DESCRIPTION OF THE TASK: Before anything else, copy every record below exactly as it stands.

INFORMATION SUPPLIED Start Marker

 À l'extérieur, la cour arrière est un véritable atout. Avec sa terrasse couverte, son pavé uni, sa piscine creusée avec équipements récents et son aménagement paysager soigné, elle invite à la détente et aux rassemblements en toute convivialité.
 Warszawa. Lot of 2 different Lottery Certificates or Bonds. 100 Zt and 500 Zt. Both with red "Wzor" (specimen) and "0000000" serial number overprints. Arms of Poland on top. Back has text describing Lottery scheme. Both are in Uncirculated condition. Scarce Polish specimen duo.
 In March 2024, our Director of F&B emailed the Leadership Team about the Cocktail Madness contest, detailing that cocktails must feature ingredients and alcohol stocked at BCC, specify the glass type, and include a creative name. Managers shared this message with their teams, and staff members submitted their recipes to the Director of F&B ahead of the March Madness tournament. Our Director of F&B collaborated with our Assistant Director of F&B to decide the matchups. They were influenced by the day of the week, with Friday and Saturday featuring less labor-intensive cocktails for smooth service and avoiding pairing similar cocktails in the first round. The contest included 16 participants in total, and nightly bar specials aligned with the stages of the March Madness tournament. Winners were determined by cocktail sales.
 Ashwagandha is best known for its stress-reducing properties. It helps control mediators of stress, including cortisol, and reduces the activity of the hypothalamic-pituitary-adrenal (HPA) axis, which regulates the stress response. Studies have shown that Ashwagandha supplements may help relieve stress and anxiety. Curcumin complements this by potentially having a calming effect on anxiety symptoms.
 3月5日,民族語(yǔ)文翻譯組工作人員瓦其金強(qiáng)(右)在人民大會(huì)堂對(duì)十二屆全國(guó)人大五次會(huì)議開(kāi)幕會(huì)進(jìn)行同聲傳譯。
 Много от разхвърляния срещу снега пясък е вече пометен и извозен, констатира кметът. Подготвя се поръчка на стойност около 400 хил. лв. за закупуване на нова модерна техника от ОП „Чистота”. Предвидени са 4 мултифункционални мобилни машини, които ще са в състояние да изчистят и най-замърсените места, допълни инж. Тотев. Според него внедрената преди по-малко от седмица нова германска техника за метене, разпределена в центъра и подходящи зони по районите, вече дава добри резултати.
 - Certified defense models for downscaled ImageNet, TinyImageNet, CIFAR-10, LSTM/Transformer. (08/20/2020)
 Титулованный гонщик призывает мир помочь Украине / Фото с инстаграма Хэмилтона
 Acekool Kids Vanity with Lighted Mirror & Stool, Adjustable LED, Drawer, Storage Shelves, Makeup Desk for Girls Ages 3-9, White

INFORMATION SUPPLIED End Marker

WRITTEN RESPONSE:
 À l'extérieur, la cour arrière est un véritable atout. Avec sa terrasse couverte, son pavé uni, sa piscine creusée avec équipements récents et son aménagement paysager soigné, elle invite à la détente et aux rassemblements en toute convivialité.
 Warszawa. Lot of 2 different Lottery Certificates or Bonds. 100 Zt and 500 Zt. Both with red "Wzor" (specimen) and "0000000" serial number overprints. Arms of Poland on top. Back has text describing Lottery scheme. Both are in Uncirculated condition. Scarce Polish specimen duo.
 In March 2024, our Director of F&B emailed the Leadership Team about the Cocktail Madness contest, detailing that cocktails must feature ingredients and alcohol stocked at BCC, specify the glass type, and include a creative name. Managers shared this message with their teams, and staff members submitted their recipes to the Director of F&B ahead of the March Madness tournament. Our Director of F&B collaborated with our Assistant Director of F&B to decide the matchups. They were influenced by the day of the week, with Friday and Saturday featuring less labor-intensive cocktails for smooth service and avoiding pairing similar cocktails in the first round. The contest included 16 participants in total, and nightly bar specials aligned with the stages of the March Madness tournament. Winners were determined by cocktail sales.
 Ashwagandha is best known for its stress-reducing properties. It helps control mediators of stress, including cortisol, and reduces the activity of the hypothalamic-pituitary-adrenal (HPA) axis, which regulates the stress response. Studies have shown that Ashwagandha supplements may help relieve stress and anxiety. Curcumin complements this by potentially having a calming effect on anxiety symptoms.
 3月5日,民族語(yǔ)文翻譯組工作人員瓦其金強(qiáng)(右)在人民大會(huì)堂對(duì)十二屆全國(guó)人大五次會(huì)議開(kāi)幕會(huì)進(jìn)行同聲傳譯。
 Много от разхвърляния срещу снега пясък е вече пометен и извозен, констатира кметът. Подготвя се поръчка на стойност около 400 хил. лв. за закупуване на нова модерна техника от ОП „Чистота”. Предвидени са 4 мултифункционални мобилни машини, които ще са в състояние да изчистят и най-замърсените места, допълни инж. Тотев. Според него внедрената преди по-малко от седмица нова германска техника за метене, разпределена в центъра и подходящи зони по районите, вече дава добри резултати.
 - Certified defense models for downscaled ImageNet, TinyImageNet, CIFAR-10, LSTM/Transformer. (08/20/2020)
 Титулованный гонщик призывает мир помочь Украине / Фото с инстаграма Хэмилтона
 Acekool Kids Vanity with Lighted Mirror & Stool, Adjustable LED, Drawer, Storage Shelves, Makeup Desk for Girls Ages 3-9, White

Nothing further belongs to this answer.